The agency already has a five-tier performance management system instead of the pass-fail approach many agencies use. VHA is looking to the Federal Aviation Administration, which implemented pay reform in the 1980s, as a model. But officials are proceeding with caution because FAA's system has not been free of labor-management tensions and other challenges.
Joleen Clark admits she is wary of implementing pay for performance because of its potential for subjectivity. "I could see something like this having a very negative effect on employee satisfaction," she says, "if the perception is that supervisors are not being fair to employees, or the opposite-overrating those who are barely performing to avoid complaints."
Beyond pay for performance, VHA is waiting for OPM approval on two other initiatives that would ease the sting of retirements. One is to bring retirees back to fill vacancies in mission-critical jobs without an offset to their annuities. The other is to create an emergency reserve corps that would allow retirees to return to work in the event of a national disaster. Current employees "who have their skills up to par and are generally more mobile can respond to the disaster areas," Joleen Clark says. "And the people we've brought back as re-employed annuitants can fill those slots."

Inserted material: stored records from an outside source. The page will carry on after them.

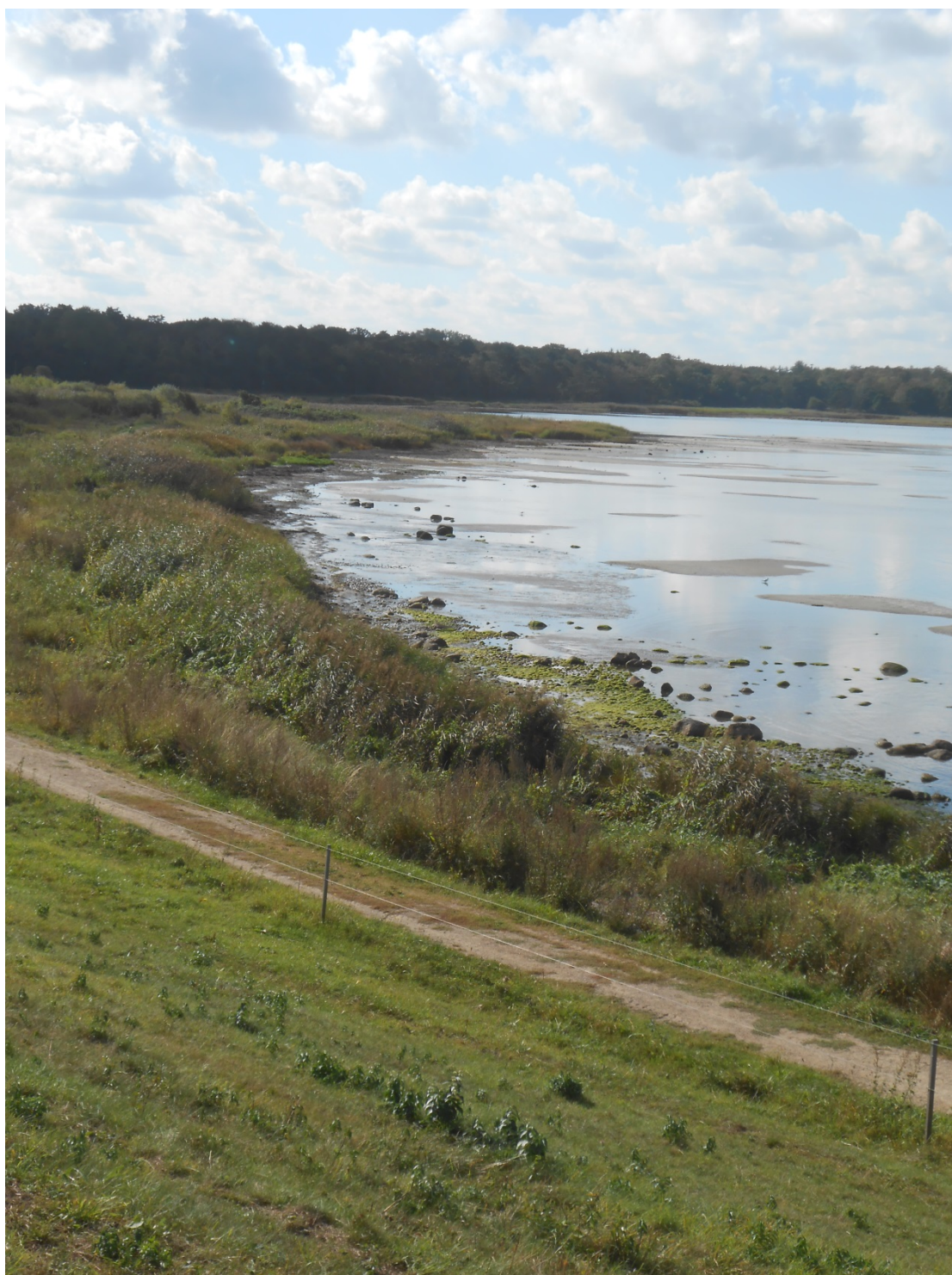
Figur 3: Kyndby Kyst.

Det vurderes, at der ikke er behov for en nærmere fordeling af indsatserne for de enkelte retningslinjer i Natura 2000-planens indsatsprogram (bilag 1), da Frederikssund Kommune er eneste aktør i området.
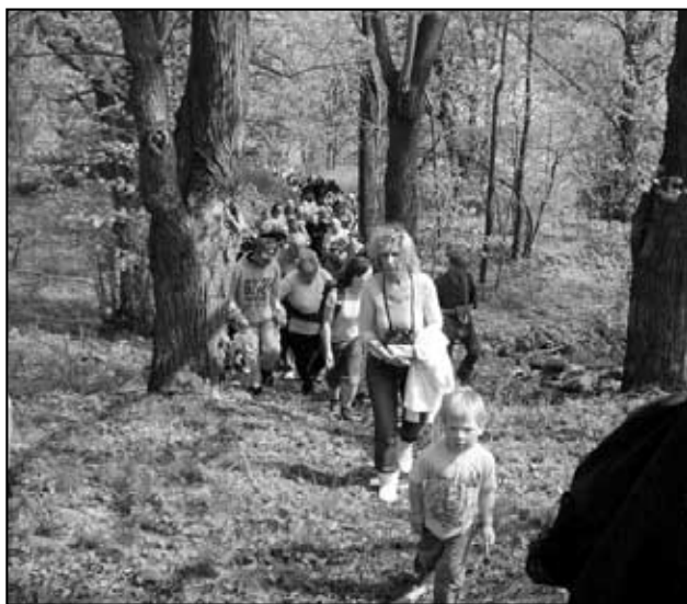
Výstup na Gottesberg.

V letošním roce pokračujeme v propagaci. Snažíme se zapojit nové obce do stávajících aktivit. Letos jsme prezentovali naši MAS např. na 16. Koňském dni ve Slavosově a na Antonínském odpoledni v Lučním Chvojně. 3. Den MAS se tentokrát bude konat v rámci Svatoanenské pouti ve Vemeřicích 3. srpna. Zúčastníme se v Praze výstavy zaměřené na ob-
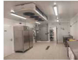
Laboratoire de pizzas complet - VIRE
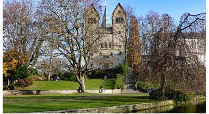
Quellbecken der Börnepader und Abdinghofkirche
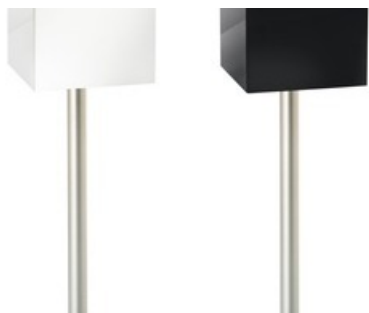
Diffuseur avec pied CWS AmbianceLine

Diese Meldung kann unter https://www.presseportal.ch/fr/pm/100012574/100831721 abgerufen werden.

With the succession plan now entering its seventh year, officials are pleased with the progress. The key, she says, is to view the plan not as a one-time process, but rather as one that develops over time. "It's a continuum in building, not what will be the flavor of the month," she says. "You really need to holistically look at the process continually every year."
More specifically, Ken Clark says, succession planning and leadership development must be a function of top officials and linked to the agency's overall strategic and operational plan. "Oftentimes, organizations find a disconnect between the workforce they're trying to find and the things they're trying to accomplish," he says. "We've made sure those two things are linked."